Les éoliennes installées en mer nécessitent une forte intensité de capital, mais elles fournissent plus d’énergie. Leur prix de revient a baissé récemment. L’impact des éoliennes offshore sur les écosystèmes situés dans leur voisinage immédiat est très faible – mieux encore, de nouveaux écosystèmes se développent autour des parcs éoliens actuels.

Source/Technique
Catégorie
Note
Hydroélectricité (fleuve ou rivière)
Émissions de CO2
++
Facteurs externes (déchets, impact social, rejets autres que les émissions de CO2…)
+

L’hydroélectricité produite dans un fleuve ou une rivière dépend de son débit, qui peut varier selon les saisons. Ce type d’hydroélectricité est généralement produit sur une petite échelle.
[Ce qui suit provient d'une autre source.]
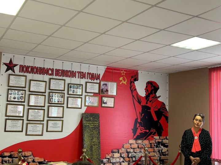 На стене представлены документы Музея Боевой Славы, который был открыт в 1965 году к 20- летию победы над фашистской Германией. Материалы были собраны "Красными следопытами" - волонтерским отрядом под руководством учителя русского языка и литературы Гатауллиной Зебарзят Ахметовны.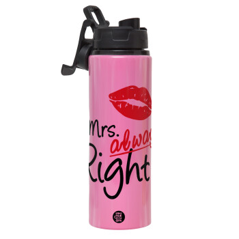 Mrs always right kiss, Metallic water bottle with safety lid, 850ml aluminum

Son impact sur l’environnement et l’écosystème est vraiment limité. Greenpeace soutient ce genre d’hydroélectricité.

Source/Technique
Catégorie
Note
Hydroélectricité à petite échelle <10 MW
Émissions de CO2
++
Facteurs externes (déchets, impact social, rejets autres que les émissions de CO2…)
+/-

Ce type d’hydroélectricité se sert d’un réservoir. La technologie est bien au point. À petite échelle, l’impact de ce type de centrale hydroélectrique reste généralement limité.